SCIENTIFIC WORKS OF THE LITHUANIAN INSTITUTE OF

HORTICULTURE AND LITHUANIAN UNIVERSITY OF

AGRICULTURE. SODININKYSTĖ IR DARŽININKYSTĖ. 2008. 27(2).

Reaction of model plant Crepis capillaris to

stress-inducing factors – ozone and UV-B

Vida Rančelienė, Regina Vyšniauskienė

Institute of Botany, Žaliųjų ežerų str. 49, Vilnius LT-08406, Lithuania

E-mail: vida.ranceliene@botanika.lt

Stress inducing effect of ozone and UV-B on plants is well known. However, despite the

different molecular mechanisms of their action, both factors have common mechanisms, such

as affected photosynthesis and synthesis of photosynthetic pigments, induction of oxidative

burst. Action of different doses of both factors was compared on the same plant material of

Crepis capillaris in experimentally changed temperature (21/14 °C, 25/16 °C) and CO 2 (350

and 700 ppm) conditions. The doses of UV-B were 0; 2; 4 kJm -2 and of O 3 – 20; 40; 80 ppb.

The most sensitive for UV-B was the leaf area, which decreased proportionally to the dose of

UV-B. C. capillaris has primarily developed mechanisms of adaptation to alterations of the

tested environmental conditions. That was shown by increased activity of SOD (superoxide

dismutase), relatively stable level of pigment synthesis and only slow alteration of protein content

in leaves. However, the observed effects depended on temperature and CO 2 conditions.

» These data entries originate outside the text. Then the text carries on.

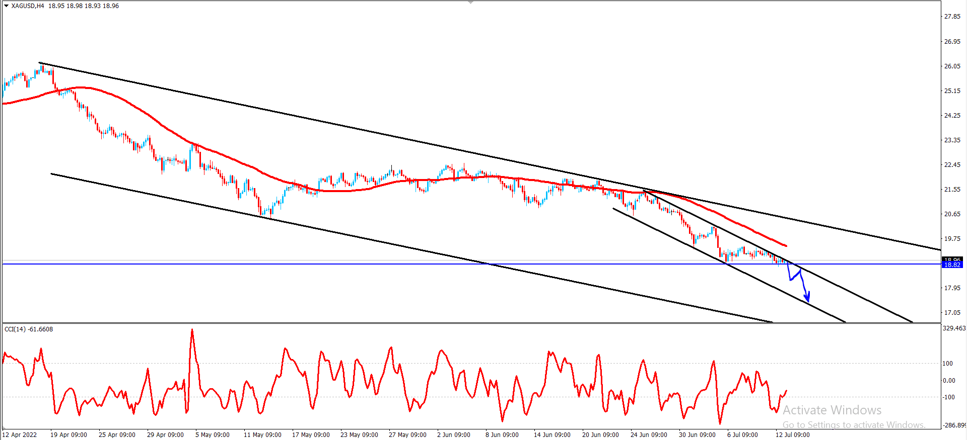 بمتابعه شارت الفضه الان كما نلاحظ الان يستأنف سعر الفضة تداولاته السلبية ليستقر اسفل مستوى 19.00 وكما نلاحظ يتحرك ضمن قناة فرعيه هابطة تدعم التوقعات باستمرار السيناريو البيعى الهابط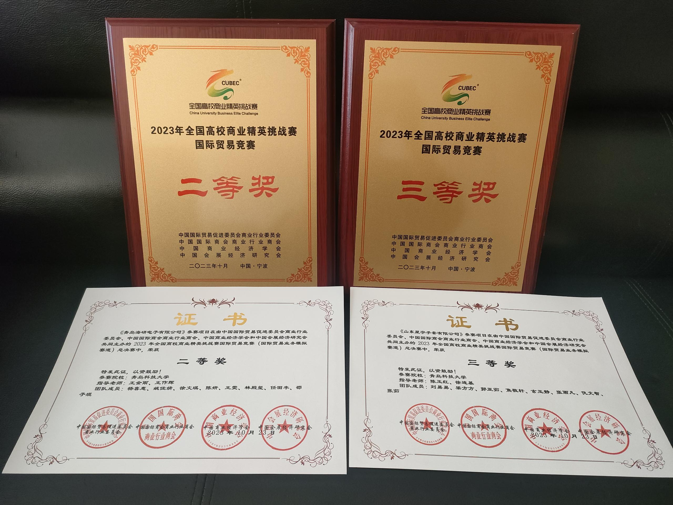 近日,2023年全国高校商业精英挑战赛国际贸易竞赛总决赛在浙江省宁波市落下帷幕。在与来自全国25个省市、329支队伍的同台比拼中,万象城allwincity官网高密校区两支参赛队伍获全国二等奖1项、三等奖1项。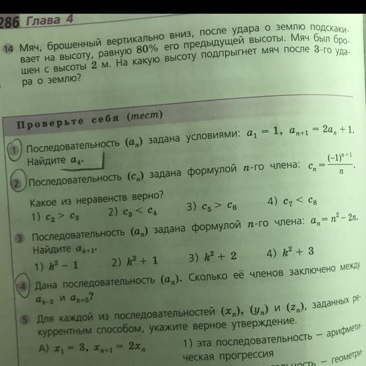 Последовательность ( an) задана условиями : a1 = 1 , an + 1 = 2an + 1 . Найдите a4.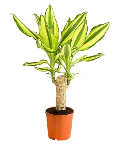 Sie würden sich gerne mit imposanten Grünpflanzen umgeben, haben aber noch keine Erfahrung damit? Dann können wir Ihnen den Drachenbaum ‘Yellow Coast‘ empfehlen. Diese Grünpflanze entfaltet den ganzen Zauber eines exotischen Blattwerks und ist dabei wunderbar robust und anspruchslos. Drachenbäume haben ihre Heimat in den subtropischen bis tropischen Gebieten Asiens, Afrikas und den Kanarischen Inseln, wo sie zu imposanten Bäumen bis 20 m Höhe heranwachsen. Sie sind allerdings nicht wirklich Bäume, sondern nur baumähnliche Pflanzen aus der Familie der Spargelgewächse. Die langen, oft überhängenden Blätter sind bei vielen Dracaena-Sorten dunkelgrün, die ‘Yellow Coast‘ aber präsentiert sich mit überwiegend aufrecht wachsenden Blättern, deren glänzend dunkelgrüner Farbton mit goldgelben und hellgrünen Streifen durchzogen ist, die wirken, als hätte sie ein Maler mit lockeren Pinselstrichen verteilt.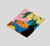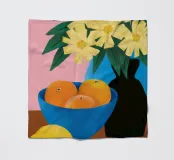 Un'elegante e semplice natura morta con un bouquet di fiori gialli in un vaso scuro accanto a una ciotola blu profondo piena di arance fresche. La composizione è serena e senza tempo, con un bel contrasto di colori.
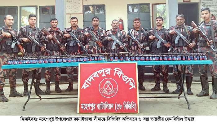 মহেশপুর সীমান্তে ১৬ বস্তা ভারতীয় ফেনসিডিল ফেলে পালালো চোরাকারবারীরা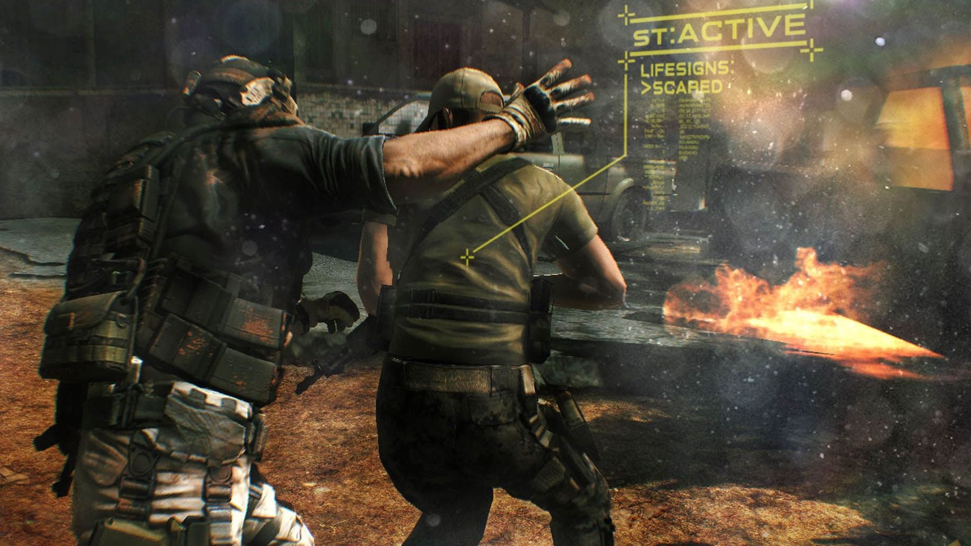 بازیکن میتواند تا چهار هدف را با علامتگذاری به ترتیب دستور داده شده از بین ببرد. بعد از اجرای دستور اعضای تیم به همان ترتیب تعیین شده شروع به شلیک می کنند. تا زمانی که دشمن هنوز از حضور تیم Ghost بیاطلاع باشد می توان تا 4 نیرو را در آن واحد از بین برد. این مکانیک توسط بازی به عنوان "Sync Shot" یاد می شود. به بازیکن نمادهایی نشان داده میشود که نشان میدهند چه زمانی هم تیمیها در موقعیتی قرار گرفتهاند و اهداف مشخصشده را هدف گرفتهاند. اگر بازیکن تا سه هدف را علامتگذاری کند، بازیکن میتواند به آنها دستور شلیک بدهد یا یکی از اهداف را نشانه بگیرد و شلیک کند، در این مرحله همتیپهای تیم به طور همزمان شلیک میکنند. اگر بازیکن چهار هدف را علامت گذاری کند، بازیکن باید یکی از اهداف را نشانه گرفته و برای از بین بردن هر چهار هدف شلیک کند.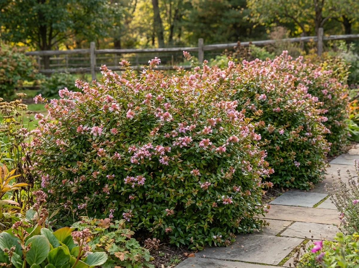 Water weekly during the first growing season to establish roots; 1 inch (2.5 cm) per week is sufficient in the absence of rain. Established plants tolerate 2–3 weeks without irrigation but produce fewer flowers during prolonged dry spells. Apply 2–3 inches (5–7.5 cm) of organic mulch around the base, keeping it 2–3 inches (5–7.5 cm) away from stems to prevent crown rot. Fertilize once in early spring with a balanced slow-release formula; excessive nitrogen produces vigorous foliage at the expense of flowers. Scale insects and aphids may appear in summer; both are manageable with horticultural oil applied when dormant or insecticidal soap during the growing season. The plant suckers from the base; remove unwanted suckers at ground level in spring.Pruning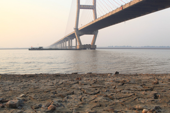 圖為2010年12月10日在江西省湖口縣境內(nèi)的鄱陽(yáng)湖大橋附近岸邊拍攝的已經(jīng)干涸開裂的湖灘。新華社發(fā)(張俊

Key words: Crepis capillaris, complex action, elevated CO 2 , temperature, ozone,

UV-B.

Introduction. Rising concentrations of CO 2, tropospheric ozone (O 3 ) and surface

level of UV radiation as a result of increasing industrial activity (IPCC, 2001; Karnosky

et al., 2005; Hidema, Kumagai, 2006) alter plant performance in both natural and

managed ecosystems. Enriched CO 2 and O 3 typically have opposing effects on plant

productivity, resistance to pathogens and other physiological features, including activity

of photosynthesis (Allen et al., 1997; Krupa, 2003; Ashmore, 2005; Rämö et al., 2006;

Qaderi et al., 2007; Awmack et al., 2007; Plessl et al., 2007). However, joint action of

those factors is investigated insufficiently and depends upon plant species, genotype,

geographic location and many uncontrolled environmental conditions (Feder, Shrier,

1990; Allen et al., 1997; Krupa, 2003; Karnosky et al., 2005; Rämö et al., 2006; Koti

et al., 2006; Tegelberg et al., 2008).

Our many-year experience shows that model plant Crepis capillaris (L.) Wallr.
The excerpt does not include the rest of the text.